Re: Bobcat Jump Style
al baldwin wrote:david wrote:My theory was my way of trying to understand why my dogs would never catch cats in areas where cats do not climb. When I acted on my theory to test it, I started catching cats to the point it became boring for me.
David would you mind sharing with us where you got this line of dogs that caught cats on the ground, to point it became boring for you? Also what breed were those dogs? Don/t believe I would ever get bored with that line of dog. I have enjoyed reading this post, have not read any comments that offended me, after all we have just exchanged opinions based on our own experience. Take care Al
Thanks for asking Al. It is no secret because I wrote a book about it and it is all over this web site and the previous two web sites and it is in this thread. Some of it in the book is coded because I was trying hard not to sound as narrow minded as I actually am. And there were some things that could not be said for various reasons. But if you read the lines and a little bit in between them, you will find your answers to my experiences that caused me to want to write a book; and for the most part, to quit bobcat hunting(Which I am pretty much in the process of most of the time).
One of the older cat hunters who read my book had one quiet but deeply cutting comment: "Some things should never be spoken". And by that he meant I had spoken some of those things.

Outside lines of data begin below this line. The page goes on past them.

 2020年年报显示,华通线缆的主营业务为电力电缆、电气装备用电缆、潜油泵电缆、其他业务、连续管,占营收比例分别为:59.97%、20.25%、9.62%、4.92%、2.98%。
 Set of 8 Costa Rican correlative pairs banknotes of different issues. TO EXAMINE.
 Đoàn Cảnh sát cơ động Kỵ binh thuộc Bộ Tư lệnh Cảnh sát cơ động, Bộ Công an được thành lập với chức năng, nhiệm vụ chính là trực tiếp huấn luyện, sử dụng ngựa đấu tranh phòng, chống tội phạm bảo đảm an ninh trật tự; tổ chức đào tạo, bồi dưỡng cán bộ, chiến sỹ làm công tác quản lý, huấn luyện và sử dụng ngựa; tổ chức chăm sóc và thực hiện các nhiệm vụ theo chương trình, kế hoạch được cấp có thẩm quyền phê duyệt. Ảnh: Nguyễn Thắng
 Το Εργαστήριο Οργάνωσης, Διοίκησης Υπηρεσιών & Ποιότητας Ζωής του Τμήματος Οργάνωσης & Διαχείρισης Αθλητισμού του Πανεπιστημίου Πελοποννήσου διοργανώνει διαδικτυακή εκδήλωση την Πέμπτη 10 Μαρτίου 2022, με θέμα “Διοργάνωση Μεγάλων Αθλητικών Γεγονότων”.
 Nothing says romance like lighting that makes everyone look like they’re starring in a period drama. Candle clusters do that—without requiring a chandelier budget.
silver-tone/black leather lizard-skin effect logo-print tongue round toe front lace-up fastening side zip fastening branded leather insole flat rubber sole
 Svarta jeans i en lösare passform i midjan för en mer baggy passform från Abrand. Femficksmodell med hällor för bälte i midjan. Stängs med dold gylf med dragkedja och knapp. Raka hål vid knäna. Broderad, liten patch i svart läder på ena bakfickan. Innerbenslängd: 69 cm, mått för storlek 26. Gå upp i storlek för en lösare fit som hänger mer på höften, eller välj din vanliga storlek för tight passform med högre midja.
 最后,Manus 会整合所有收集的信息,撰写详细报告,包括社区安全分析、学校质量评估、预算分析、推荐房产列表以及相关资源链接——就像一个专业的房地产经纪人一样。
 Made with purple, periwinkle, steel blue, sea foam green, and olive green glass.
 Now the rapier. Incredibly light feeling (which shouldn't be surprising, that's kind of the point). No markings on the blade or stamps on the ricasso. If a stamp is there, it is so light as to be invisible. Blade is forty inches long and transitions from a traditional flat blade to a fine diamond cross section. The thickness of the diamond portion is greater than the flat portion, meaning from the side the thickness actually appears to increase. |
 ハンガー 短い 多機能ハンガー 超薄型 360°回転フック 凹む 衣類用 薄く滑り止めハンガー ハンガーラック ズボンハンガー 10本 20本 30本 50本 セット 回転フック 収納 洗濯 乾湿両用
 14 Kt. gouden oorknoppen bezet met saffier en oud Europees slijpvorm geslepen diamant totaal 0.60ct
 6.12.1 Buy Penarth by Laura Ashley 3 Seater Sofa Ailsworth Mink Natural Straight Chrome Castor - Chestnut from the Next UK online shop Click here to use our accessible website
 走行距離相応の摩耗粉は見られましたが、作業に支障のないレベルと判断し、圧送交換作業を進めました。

And in the era he came up in, it was very much that way. And it was his kind that I wanted to learn from but could not.
In a nutshell, to repeat what has been said several times by several people: you need to find a dog that runs to catch. What I used to think was running to catch, it turns out is not running to catch. Dogs that run to catch, CATCH. I have only owned one dog that did, at the end of my cat hunting identity, and it blew my mind. Talk to Brad about an out-cross way back in his line. You probably already know what that out-cross was Al. Talk to Dewey about an out-cross way back in his line out of California. The quickest way to get it is by an out-cross. The most lasting way to get it is by selective breeding within an already pure bred line. But most of us do not have the resources of a wealthy king with a full time paid kennel/hunt staff, and that is about what that pure-bred method requires.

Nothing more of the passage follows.